- [What is being asked]: Everything from the line with "Jazz Swing Collection" to the line with "Slackline sada - včetně" in the listing below, both lines included, needs to be copied exactly, apart from the pictures.

- [Data to process]:
________________________________________

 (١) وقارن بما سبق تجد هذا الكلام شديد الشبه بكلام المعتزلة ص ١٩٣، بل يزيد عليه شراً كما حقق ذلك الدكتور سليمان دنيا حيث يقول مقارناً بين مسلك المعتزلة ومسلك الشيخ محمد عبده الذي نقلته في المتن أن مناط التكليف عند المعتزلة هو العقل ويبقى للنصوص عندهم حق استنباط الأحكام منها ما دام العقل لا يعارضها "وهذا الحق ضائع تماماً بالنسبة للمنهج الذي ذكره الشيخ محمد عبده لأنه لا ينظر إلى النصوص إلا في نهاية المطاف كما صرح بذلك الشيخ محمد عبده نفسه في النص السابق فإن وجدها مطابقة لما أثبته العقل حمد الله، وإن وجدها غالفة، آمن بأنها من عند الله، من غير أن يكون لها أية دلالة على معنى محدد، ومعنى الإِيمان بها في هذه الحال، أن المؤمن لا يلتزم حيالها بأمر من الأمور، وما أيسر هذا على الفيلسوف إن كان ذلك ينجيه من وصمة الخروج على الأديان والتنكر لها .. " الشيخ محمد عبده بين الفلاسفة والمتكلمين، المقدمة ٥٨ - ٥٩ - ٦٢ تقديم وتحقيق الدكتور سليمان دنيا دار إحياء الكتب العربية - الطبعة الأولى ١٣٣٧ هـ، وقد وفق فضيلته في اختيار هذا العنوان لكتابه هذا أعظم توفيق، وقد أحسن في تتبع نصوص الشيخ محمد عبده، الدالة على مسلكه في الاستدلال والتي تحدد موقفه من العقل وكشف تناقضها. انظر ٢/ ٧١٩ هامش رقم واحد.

________________________________________

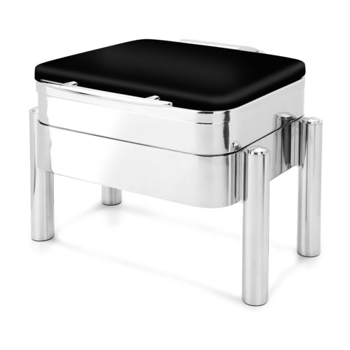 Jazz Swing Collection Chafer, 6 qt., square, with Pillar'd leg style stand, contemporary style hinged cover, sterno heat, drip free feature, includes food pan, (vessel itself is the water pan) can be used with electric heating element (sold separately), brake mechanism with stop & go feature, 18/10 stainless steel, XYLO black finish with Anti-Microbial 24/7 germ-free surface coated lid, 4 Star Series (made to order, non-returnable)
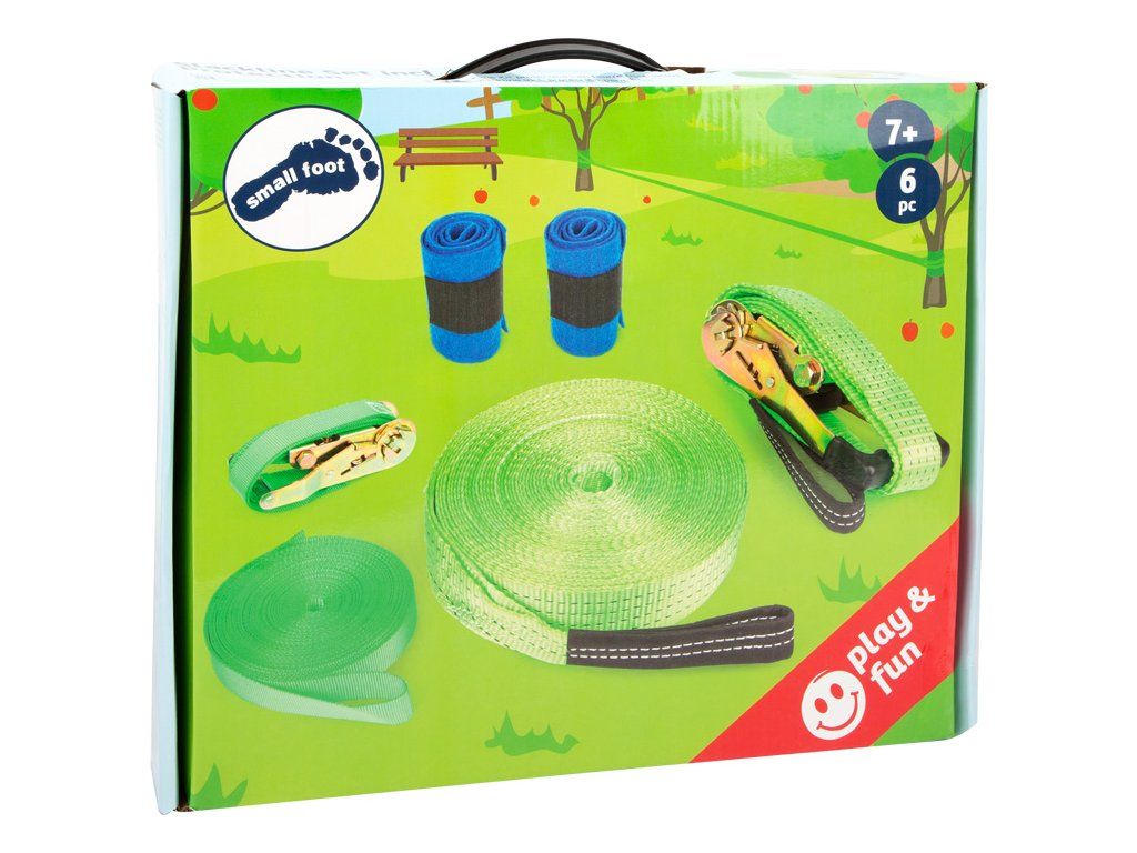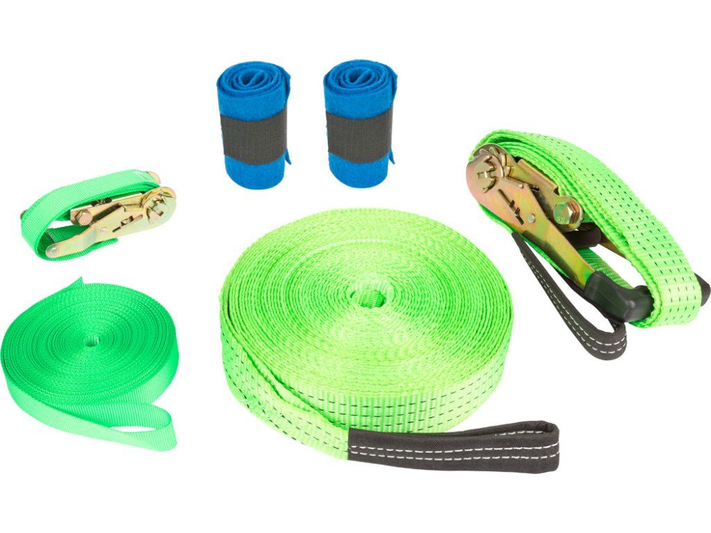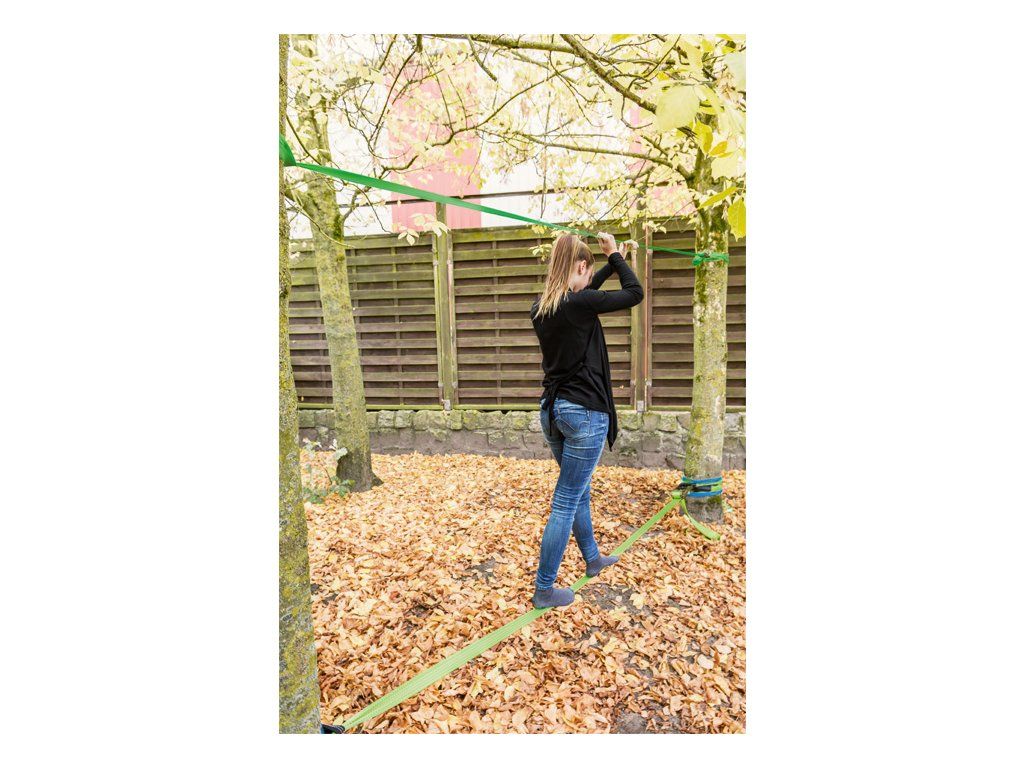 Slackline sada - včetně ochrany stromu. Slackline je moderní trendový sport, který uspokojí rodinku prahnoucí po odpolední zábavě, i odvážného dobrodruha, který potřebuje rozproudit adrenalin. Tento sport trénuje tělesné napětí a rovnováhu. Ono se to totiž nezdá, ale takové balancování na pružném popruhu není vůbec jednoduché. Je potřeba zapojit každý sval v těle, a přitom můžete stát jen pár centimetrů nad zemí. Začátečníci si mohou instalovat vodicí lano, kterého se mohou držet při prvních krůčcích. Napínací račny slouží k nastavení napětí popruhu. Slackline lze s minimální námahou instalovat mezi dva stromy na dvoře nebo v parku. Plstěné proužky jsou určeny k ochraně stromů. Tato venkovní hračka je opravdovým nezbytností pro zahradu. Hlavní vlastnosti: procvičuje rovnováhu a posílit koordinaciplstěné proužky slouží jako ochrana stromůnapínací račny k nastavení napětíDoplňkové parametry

________________________________________

- [Solved problem]:
 Jazz Swing Collection Chafer, 6 qt., square, with Pillar'd leg style stand, contemporary style hinged cover, sterno heat, drip free feature, includes food pan, (vessel itself is the water pan) can be used with electric heating element (sold separately), brake mechanism with stop & go feature, 18/10 stainless steel, XYLO black finish with Anti-Microbial 24/7 germ-free surface coated lid, 4 Star Series (made to order, non-returnable)
 Slackline sada - včetně ochrany stromu. Slackline je moderní trendový sport, který uspokojí rodinku prahnoucí po odpolední zábavě, i odvážného dobrodruha, který potřebuje rozproudit adrenalin. Tento sport trénuje tělesné napětí a rovnováhu. Ono se to totiž nezdá, ale takové balancování na pružném popruhu není vůbec jednoduché. Je potřeba zapojit každý sval v těle, a přitom můžete stát jen pár centimetrů nad zemí. Začátečníci si mohou instalovat vodicí lano, kterého se mohou držet při prvních krůčcích. Napínací račny slouží k nastavení napětí popruhu. Slackline lze s minimální námahou instalovat mezi dva stromy na dvoře nebo v parku. Plstěné proužky jsou určeny k ochraně stromů. Tato venkovní hračka je opravdovým nezbytností pro zahradu. Hlavní vlastnosti: procvičuje rovnováhu a posílit koordinaciplstěné proužky slouží jako ochrana stromůnapínací račny k nastavení napětíDoplňkové parametry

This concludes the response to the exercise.